WORK REQUEST → The reply must consist of the lines from the first line of the records through the line containing "starting to set. |", copied exactly, with every picture omitted.
▼
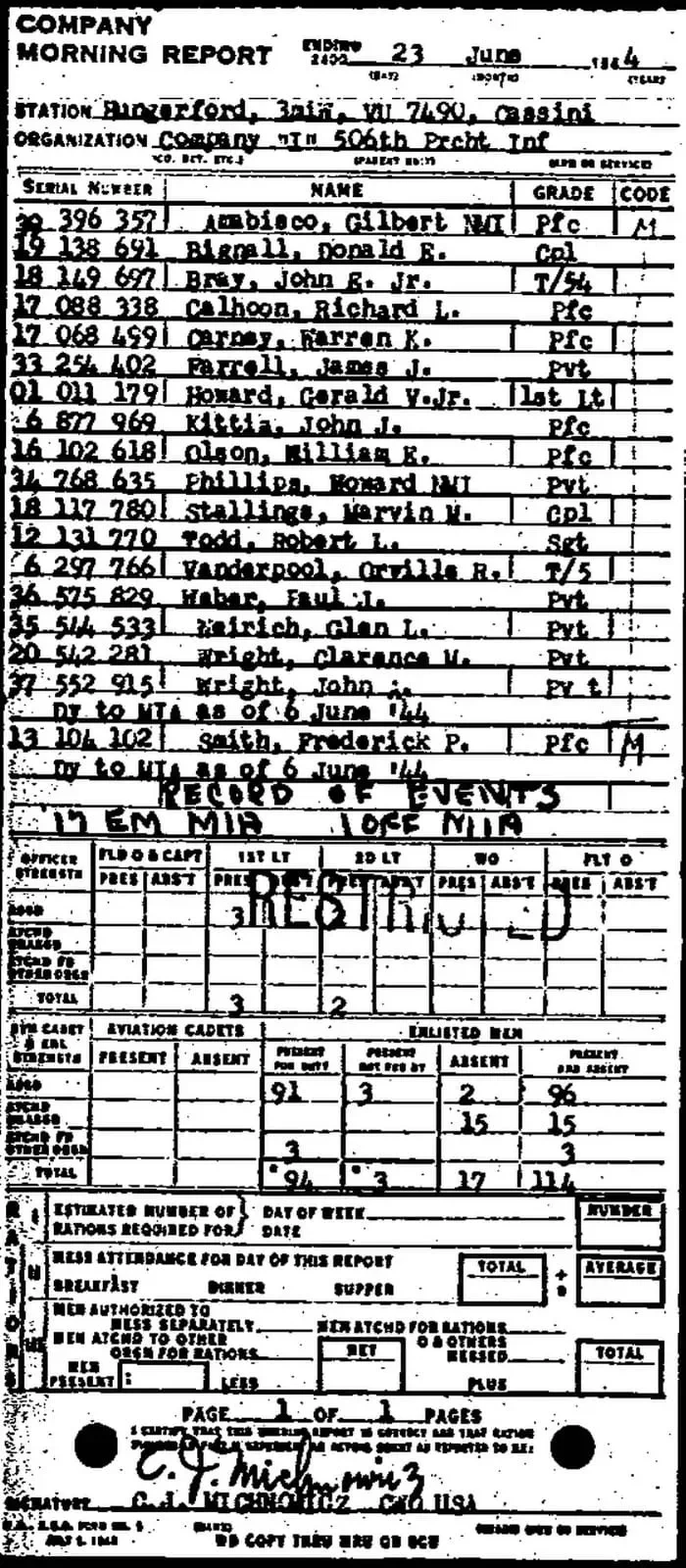 Item Company was hit hard that day as another plane (#42-100733; Chalk 24) was also lost. The aircraft had caught fire and crashed in the English Channel. Four paratroopers managed to jump out and survive, but the rest of the crew and other paratroopers lost their lives.
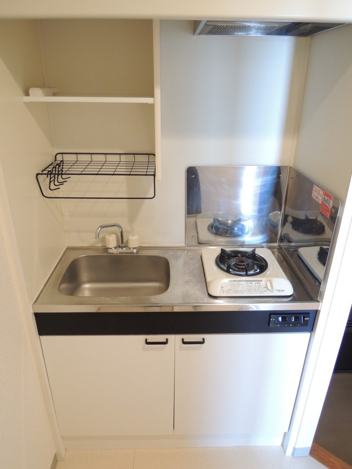 キッチンはコンパクトですが、1人分の食事を作るには十分です。
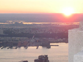 | Here is a view from the Empire State building of the sun starting to set. |
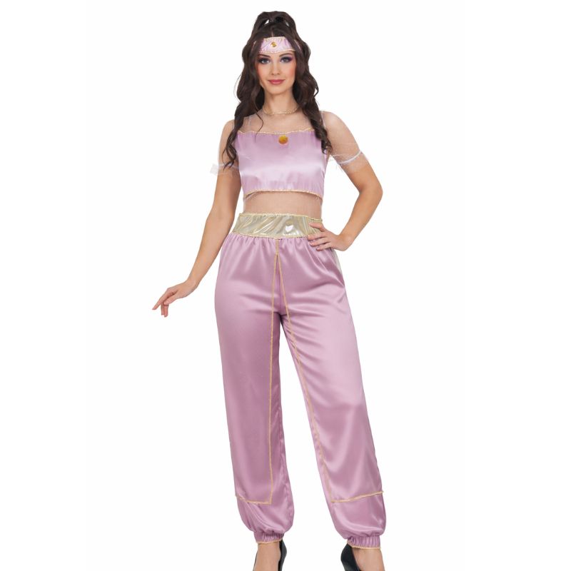 O fato original Jasmine Princesa do Deserto para mulheres inclui: Macacão e fita para a cabeça | Este disfarce mulher Princesa do deserto oriental está disponível em 3 tamanhos diferentes
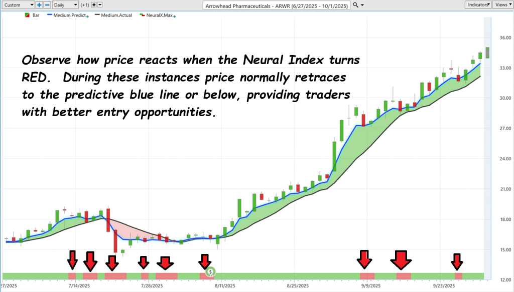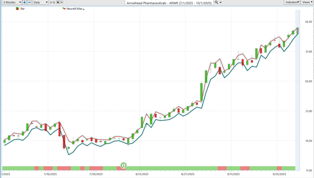 But in early August, the narrative flipped. The blue line turned up, crossed decisively above the black line, and never really looked back. From that moment, $ARWR entered a steady climb, with the A.I. keeping traders in the trade despite the inevitable pullbacks. The predictive model navigated the volatility by filtering out the noise — holding long through August and September as the stock went from the low 20s to the mid-30s. That’s the power of the signal: not eliminating risk but keeping traders aligned with the prevailing trend when emotions might otherwise shake them out.
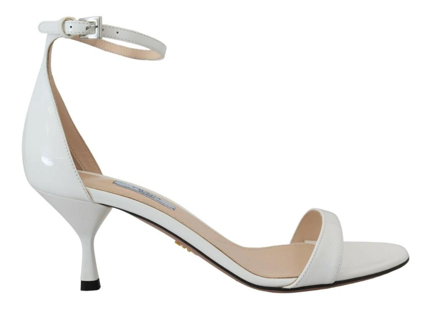 PRADAGorgeous brand new with tags, 100% Authentic PRADA ankle strap shoes.Model - Heels sandalsColor - WhiteLeather bottom soleLogo detailsMade in ItalyVery exclusive and high craftsmanshipMaterial - 100% Leather
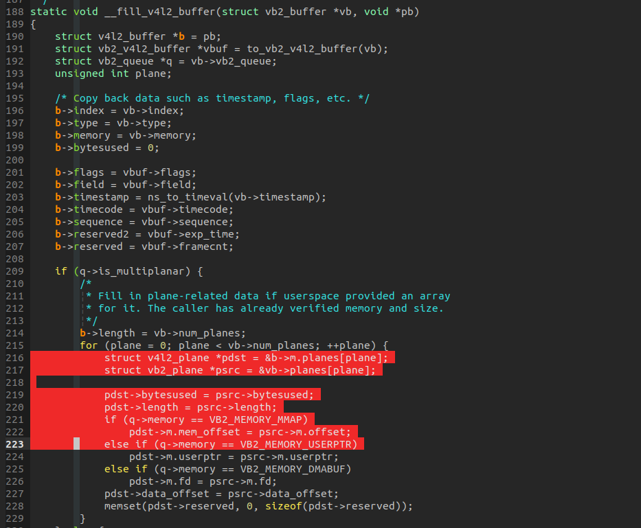 3.DQBUF操作填充用户态struct v4l2_buffer结构体的位置。
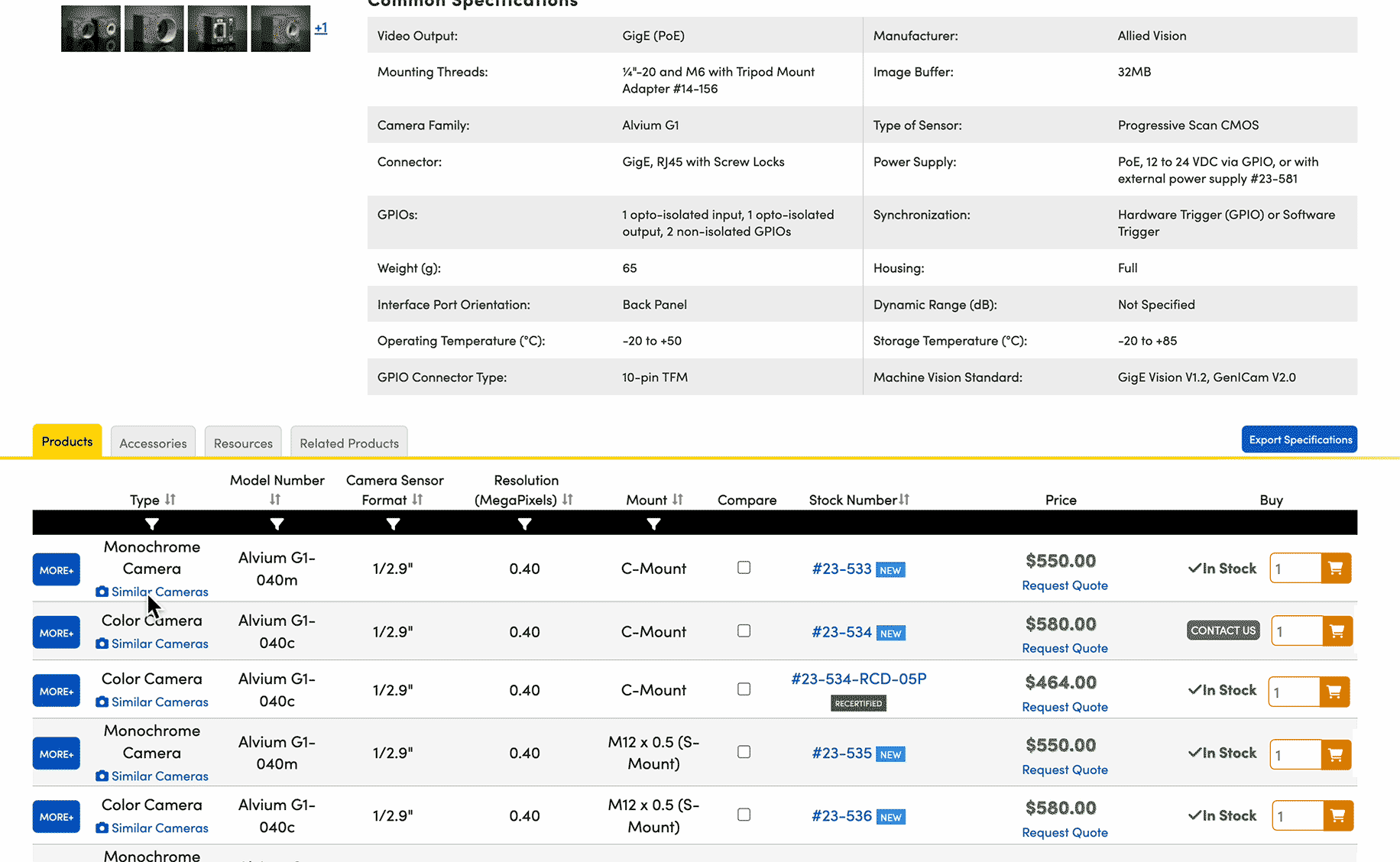 Find equivalent camera options with the same sensor, lens mount, and data connector. Quickly see which products
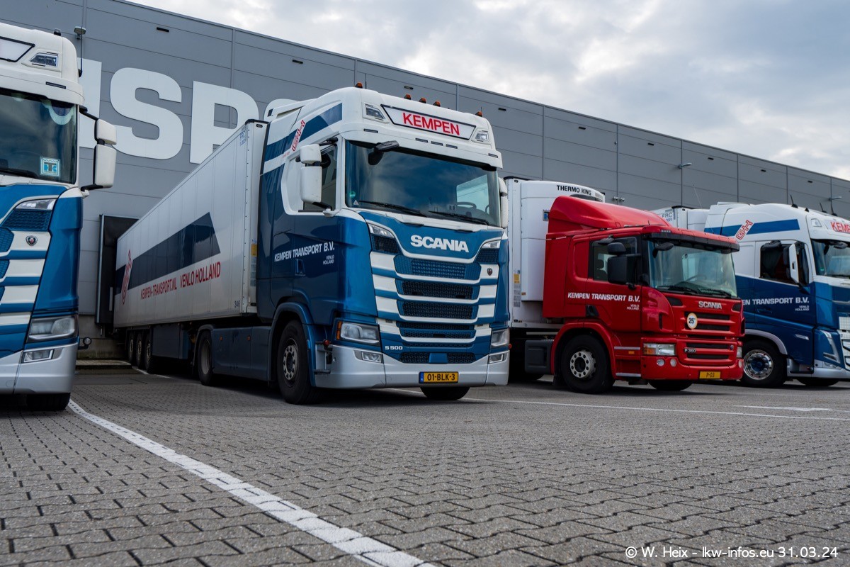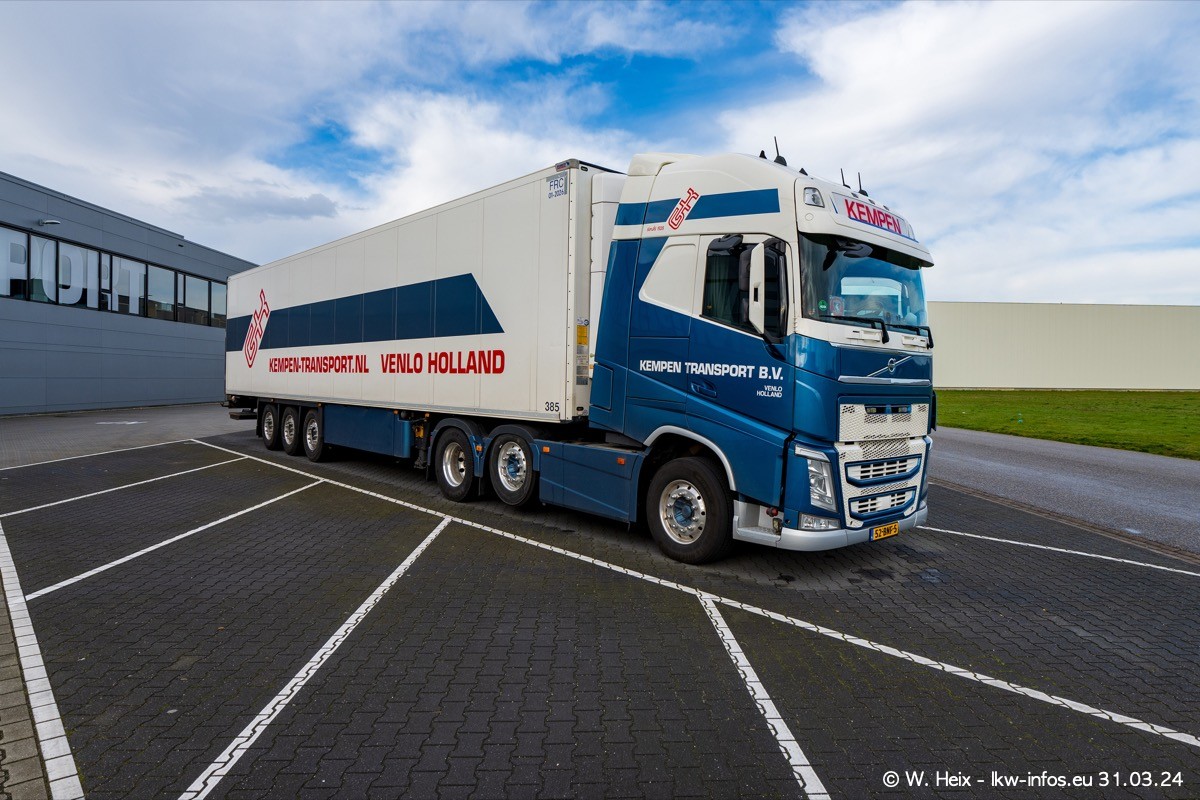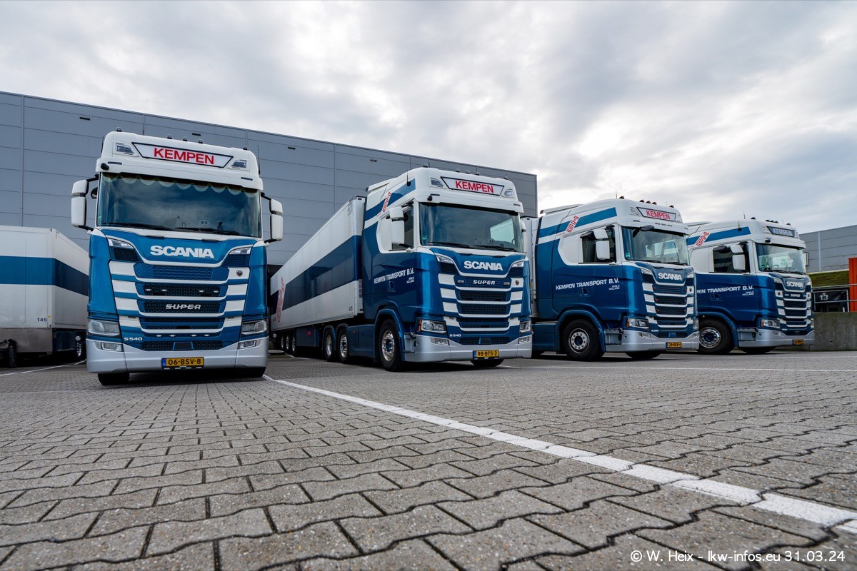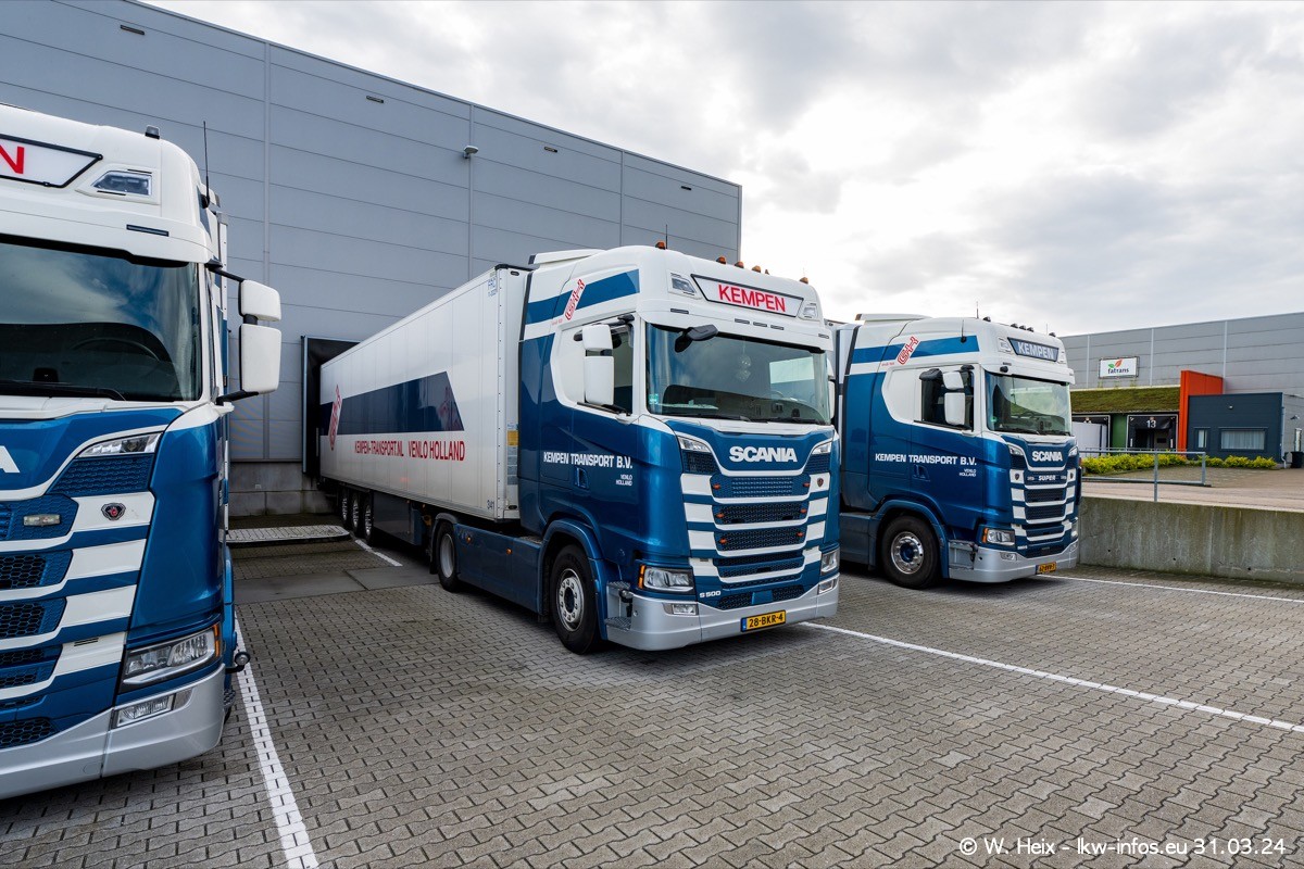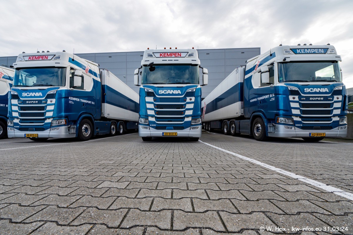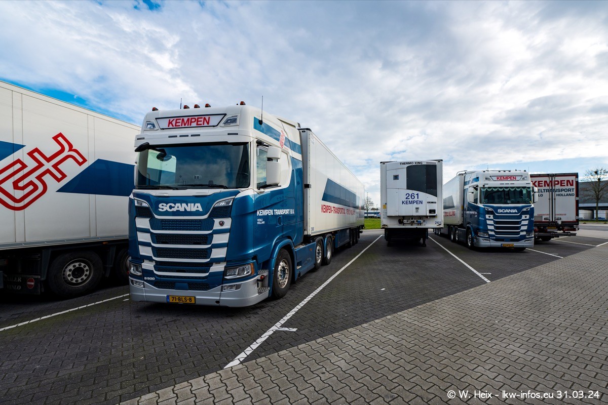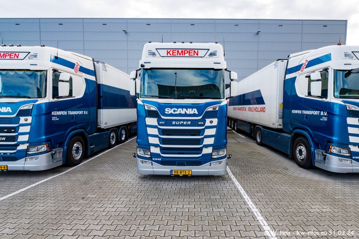 In diesem Jahr sind schon insgesamt mindestens 10 neue LKW in den Fuhrpark gekommen. Alle neuen LKW sind seit 2024 daran zu erkennen, dass aon der Fromt oben am Dach der Kempen-Schriftzug jetzt weiß ist in einem blauen Feld. Bisher war dieser immer rot auf weiß. Es waren so gut wie alle LKW zuzhause und standen auch wieder auf den Nachbargrundstücken. Diesmal konnte ich keinen SCANIA R Streamline und keinen DAF XF mehr sehen bis auf den neuen blauen DAF XG+ natürlich. Vermutlich sind jetzt alle alten SCANIA und DAF ersetzt durch VOLVO FH 5 und SCANIA R/S NextGen. Es sind natürlich auch wieder Bilder von den Chatern (Subunternehmern) in den Galerien enthalten. Auch hier tut sich immer wieder mal was.
▲
THE COMPLETED TASK →
 Item Company was hit hard that day as another plane (#42-100733; Chalk 24) was also lost. The aircraft had caught fire and crashed in the English Channel. Four paratroopers managed to jump out and survive, but the rest of the crew and other paratroopers lost their lives.
 キッチンはコンパクトですが、1人分の食事を作るには十分です。
 | Here is a view from the Empire State building of the sun starting to set. |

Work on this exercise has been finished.